WHAT YOU ARE ASKED TO DO: An exact transcription of the entries is required, with none of the pictures carried over.

━━━━━ SOURCE MATERIAL ━━━━━

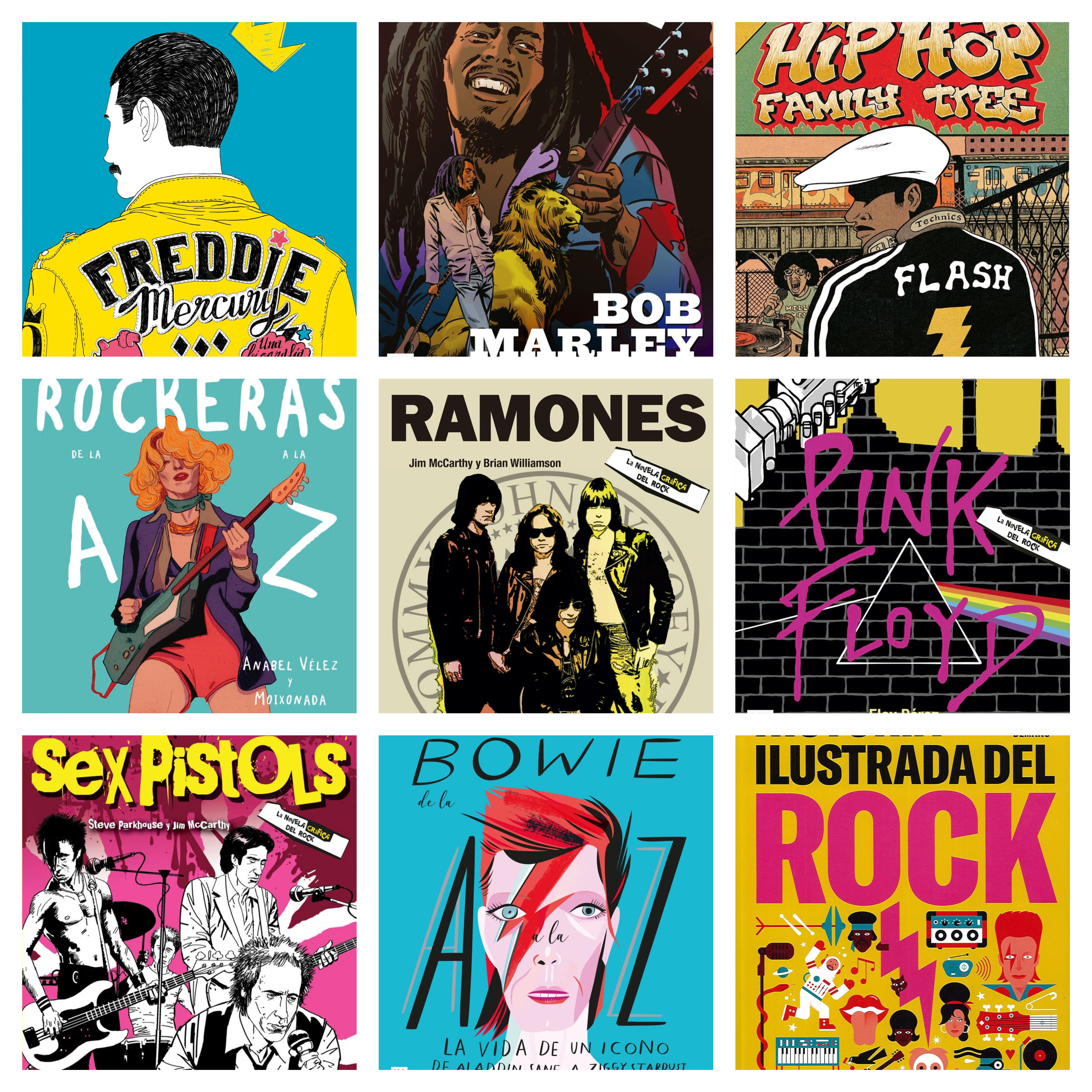 De Queen y su cantante Freddy Mercury existen (creo) hasta 3 libros ilustrados distintos. Éste de la imagen corresponde al creado por Alfonso Casas para la editorial Random. El de Bob Marley está editado por Ma Non Troppo y su autoría corresponde a Jim McCarthy y Benito Gallego. El tercero es la historia ilustrada del rap, una impresionante trilogía en gran formato de la editorial Flow Press. El cuarto repasa los principales nombres femeninos del rock en un hermoso libro obra de Anabel Vélez y Moixonada también para Ma Non Troppo, como también lo son los cuatro siguientes, dedicados a Los Ramones, Pink Floyd y Sex Pistols respectivamente, junto al bonito y naif repaso a la vida de David Bowie. El último es el más general de todos pues Susana Monteagudo y Luis Demano compilan la historia de la música moderna en un volumen editado por Litera. Seguiremos…
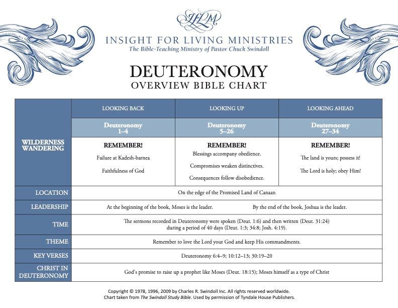 What is the big idea: The overall concept of this book is "second law." Moses is giving the new generation the law first given to their parents. During this time, there was no mass production of the covenant for everyone to read. Moses tells the nation to gather every 7 years to hear the words of the law that he is writing in this book. He wants to make sure everyone has the tools they need to love the Lord, honor the Lord, and obey the Lord.
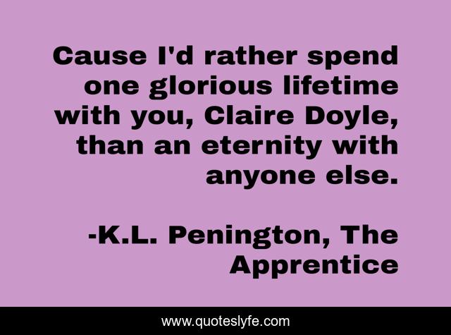 This page presents the quote "Cause I'd rather spend one glorious lifetime with you, Claire Doyle, than an eternity with anyone else.". Author of this quote is K.L. Penington, The Apprentice. This quote is about thelostrealmseries, urban-fantasy, yafiction,.
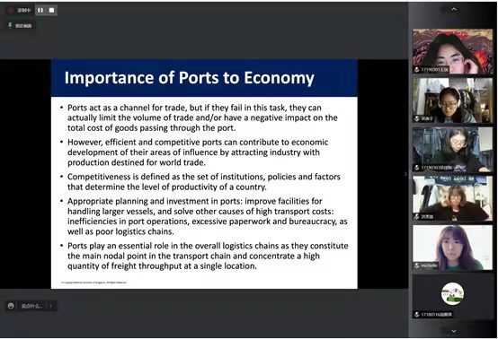 Raymond教授此次专题讲座的主题是《Transport Infrastructure and Operations in a Port Economy》。讲座从港口规划设计、港口交通需求预测、港口腹地可达性三个方面出发,分享了海运行业的背景、发展、机遇与挑战。为加深对此次专题讲座的专业性理解,Raymond教授通过对新加坡Tuas超级港、Pasir Panjang集装箱码头以及德国汉堡港、威廉港的案例分析,深入浅出地介绍了各种预测方法和基础设施的应用场景,分析了港口建设对于腹地经济的影响作用。理论与实践的结合激发了全体项目学员的专业兴趣,令师生们在海洋运输与交通基础设施建设等相关领域有了进一步的认识和思考。在交流讨论环节,Raymond教授与师生们就港口建设、低碳运输以及疫情影响下的海运贸易等问题进行了深入交流。富豪娱乐城
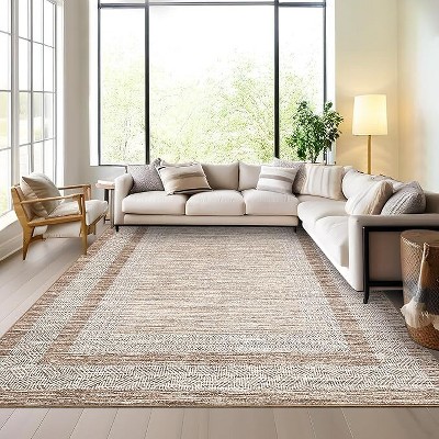 Extra Large Area Rug 10x13 Modern Geometric Bordered Rug Washable & Non Slip, Low Pile Non Shedding Faxu Wool Mat for Home & Office Use, Green
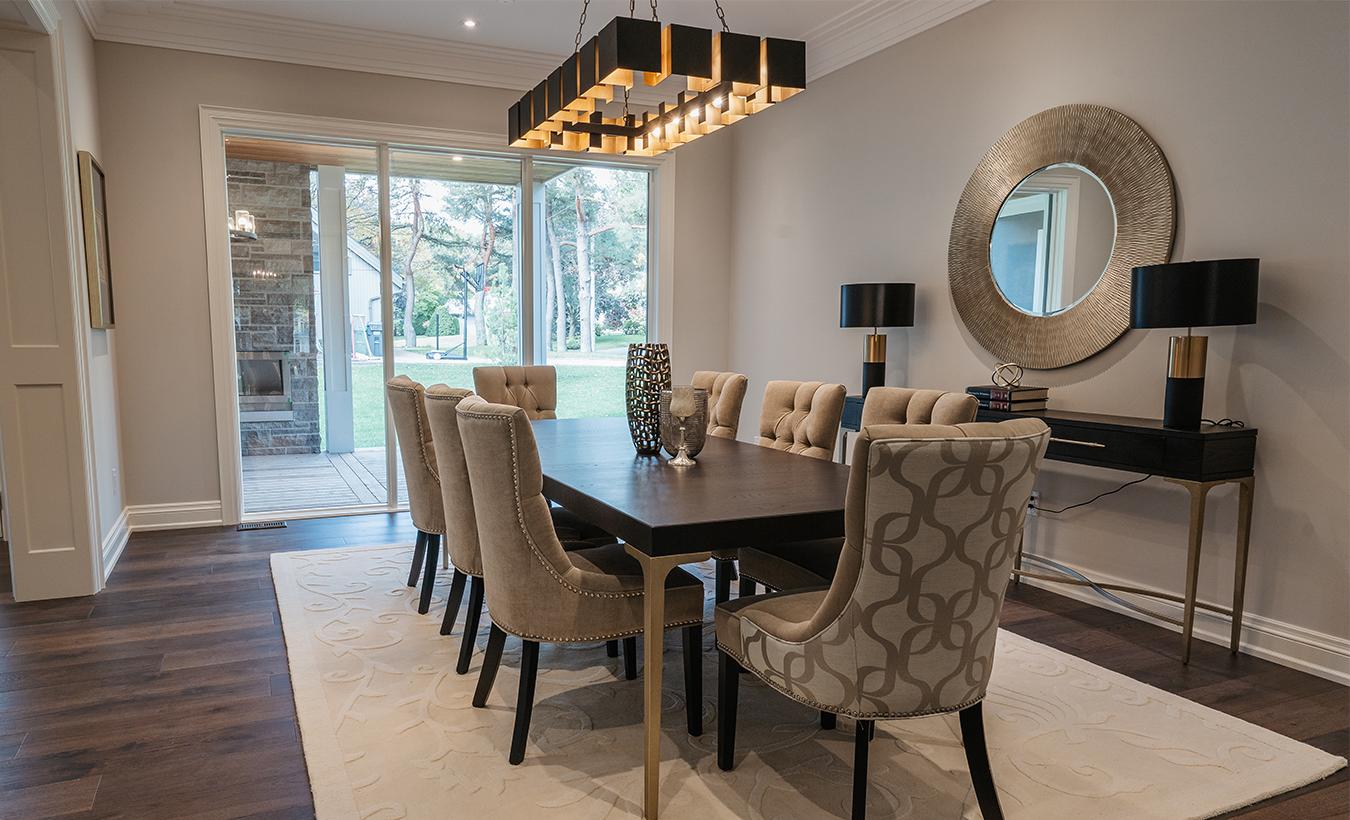 A new modern/transitional custom home in Mississauga, this house is in a prestigious area close to Lake Ontario. The low-pitched roof, along with the large, glazed areas and its massing give this home a more modern approach. The main materials are stone and wood siding, which makes this house integrate well with its landscaping.

━━━━━

SOLUTION:
 De Queen y su cantante Freddy Mercury existen (creo) hasta 3 libros ilustrados distintos. Éste de la imagen corresponde al creado por Alfonso Casas para la editorial Random. El de Bob Marley está editado por Ma Non Troppo y su autoría corresponde a Jim McCarthy y Benito Gallego. El tercero es la historia ilustrada del rap, una impresionante trilogía en gran formato de la editorial Flow Press. El cuarto repasa los principales nombres femeninos del rock en un hermoso libro obra de Anabel Vélez y Moixonada también para Ma Non Troppo, como también lo son los cuatro siguientes, dedicados a Los Ramones, Pink Floyd y Sex Pistols respectivamente, junto al bonito y naif repaso a la vida de David Bowie. El último es el más general de todos pues Susana Monteagudo y Luis Demano compilan la historia de la música moderna en un volumen editado por Litera. Seguiremos…
 What is the big idea: The overall concept of this book is "second law." Moses is giving the new generation the law first given to their parents. During this time, there was no mass production of the covenant for everyone to read. Moses tells the nation to gather every 7 years to hear the words of the law that he is writing in this book. He wants to make sure everyone has the tools they need to love the Lord, honor the Lord, and obey the Lord.
 This page presents the quote "Cause I'd rather spend one glorious lifetime with you, Claire Doyle, than an eternity with anyone else.". Author of this quote is K.L. Penington, The Apprentice. This quote is about thelostrealmseries, urban-fantasy, yafiction,.
 Raymond教授此次专题讲座的主题是《Transport Infrastructure and Operations in a Port Economy》。讲座从港口规划设计、港口交通需求预测、港口腹地可达性三个方面出发,分享了海运行业的背景、发展、机遇与挑战。为加深对此次专题讲座的专业性理解,Raymond教授通过对新加坡Tuas超级港、Pasir Panjang集装箱码头以及德国汉堡港、威廉港的案例分析,深入浅出地介绍了各种预测方法和基础设施的应用场景,分析了港口建设对于腹地经济的影响作用。理论与实践的结合激发了全体项目学员的专业兴趣,令师生们在海洋运输与交通基础设施建设等相关领域有了进一步的认识和思考。在交流讨论环节,Raymond教授与师生们就港口建设、低碳运输以及疫情影响下的海运贸易等问题进行了深入交流。富豪娱乐城
 Extra Large Area Rug 10x13 Modern Geometric Bordered Rug Washable & Non Slip, Low Pile Non Shedding Faxu Wool Mat for Home & Office Use, Green
 A new modern/transitional custom home in Mississauga, this house is in a prestigious area close to Lake Ontario. The low-pitched roof, along with the large, glazed areas and its massing give this home a more modern approach. The main materials are stone and wood siding, which makes this house integrate well with its landscaping.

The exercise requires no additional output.